Year:  2019

Director:  Roger Michell

Rated:  M

Release:  February 25, 2021

Distributor: Icon

Running time: 98 minutes

Worth: $5.00
FilmInk rates movies out of $20 — the score indicates the amount we believe a ticket to the movie to be worth

Cast:
Susan Sarandon, Kate Winslet, Sam Neill, Mia Wasikowska, Lindsay Duncan, Rainn Wilson

Intro:
…hammy earnestness.

Susan Sarandon leads Roger Michell’s (Notting Hill, Hyde Park on Hudson) film Blackbird as family matriarch for an eventful weekend. Besieged with a terminal illness, Lily gathers her family at her stunning wooden coastal house for a final farewell, as she plans to euthanize herself with the assistance of her doctor husband Paul (Sam Neill).
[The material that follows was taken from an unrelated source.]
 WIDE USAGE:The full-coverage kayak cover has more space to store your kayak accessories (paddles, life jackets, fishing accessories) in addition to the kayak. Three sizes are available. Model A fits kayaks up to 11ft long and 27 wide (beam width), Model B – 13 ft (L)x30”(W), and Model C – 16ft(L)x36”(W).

The premise alone, with its many conveniences and insistent pathos, struggles to pass beyond stodgy sentimentality, even under the spotlights of a dazzling cast.
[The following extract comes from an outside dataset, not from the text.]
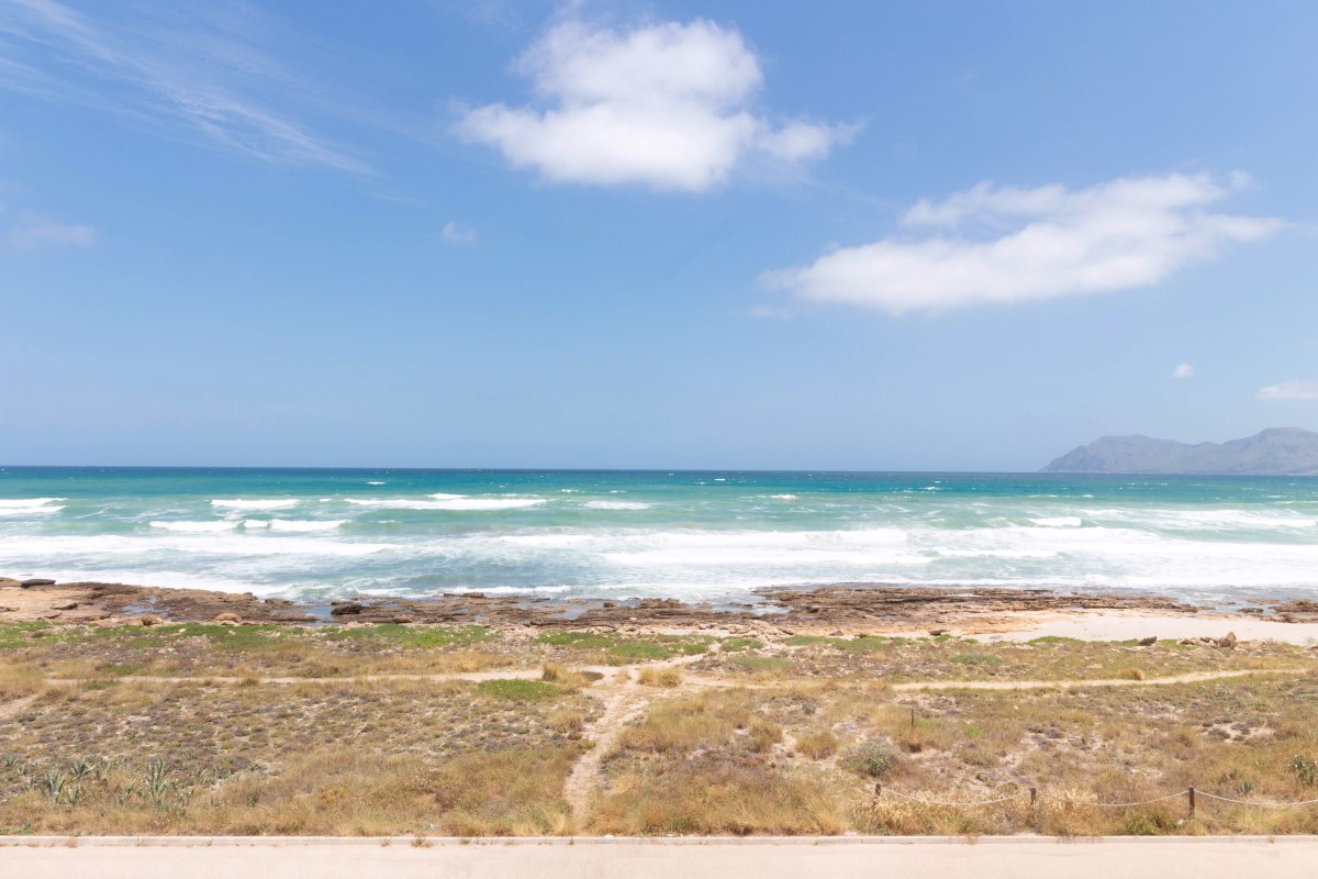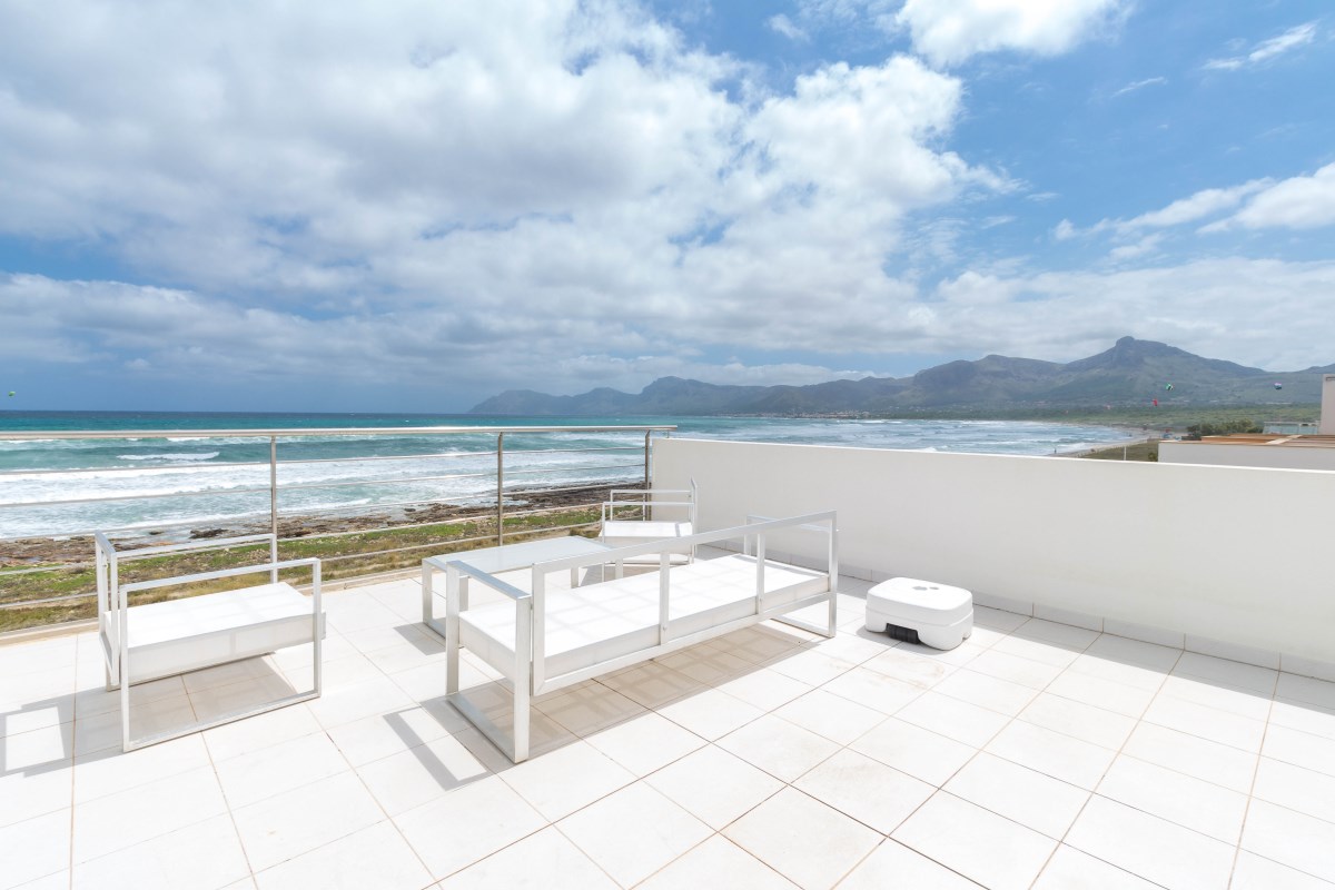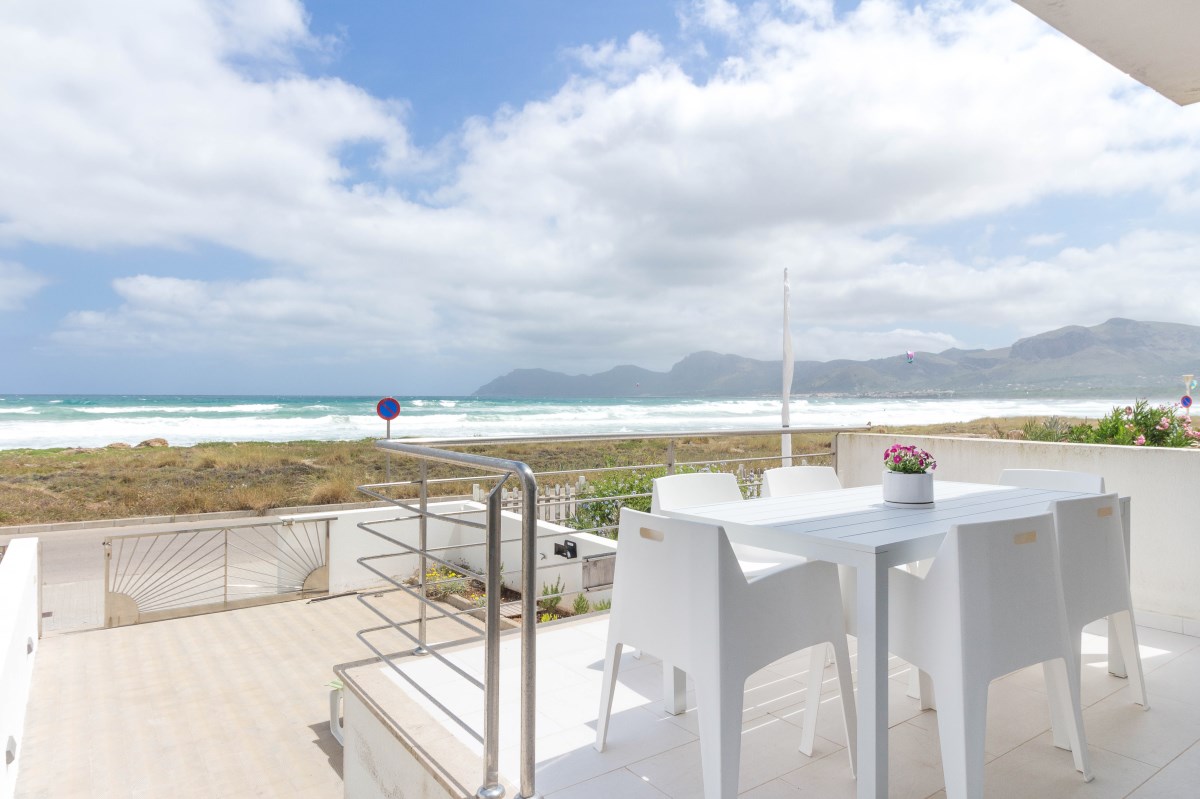 Deze verbazingwekkende halfvrijstaande villa heeft een benijdenswaardige locatie aan zee op een van de beroemdste surfstranden van Mallorca en beschikt over een vakantieverhuurvergunning

Perhaps only a project with the stamp of a name like Michell could shoe-horn each member into such a film, which, in addition to Sarandon and Neill, boasts Kate Winslet, Mia Wasikowska, Rainn Wilson and Lindsay Duncan. Diane Keaton was originally pitted for the terminal lead, but had to pull out, so Sarandon was ushered in as the next Hollywood heavyweight. This is a saving grace given Keaton’s role as the dying mother in The Family Stone – a duplicity which would highlight the emotional over-striving at the heart of Blackbird.

Naturally, the film’s focus is on Lily’s two daughters; Jennifer (Kate Winslet) and Anna (Mia Wasikowska). Jennifer is the responsible and emotionally guarded mother and wife, who is constantly maddened by her younger sister Anna’s flighty behaviour. An image she lives up to when she unexpectedly brings along her on-again-off-again partner, the rebellious charmer Chris (Bex Taylor-Klaus). Then there’s Jennifer’s husband Michael, played by Rainn Wilson, who seems to have opted for more humourless roles of late. A humdrum sexless professor, it’s his habit to sporadically chime in with random facts across all subject matter.

A notable addition is British actress Lindsay Duncan, playing Lily’s best friend Liz, who played the lead alongside Jim Broadbent in Michell’s film Le Week-end. Her prowess surpasses the mandate of this film. In Blackbird’s final conflict, after a series of revelations aimed to prevent Lily from her seemingly stoic course of action, it is revealed that Liz and Paul are having an affair, actively encouraged by Lily. It’s as if the actors know how bogus and contrived the arrangement is, seeking to cloud an untenable script with tortured gestures and voices.

Based on the Danish film Silent Heart by Bille August, Blackbird typifies a glossy American uptake filled with an illustrious cast. Its premise and emotional tone are scattered. This might appear to be fertile material for a modestly humane work which is less smooth and controlled. But in reality, it resembles hoaxed stagecraft, with each actor playing their stereotyped role with hammy earnestness.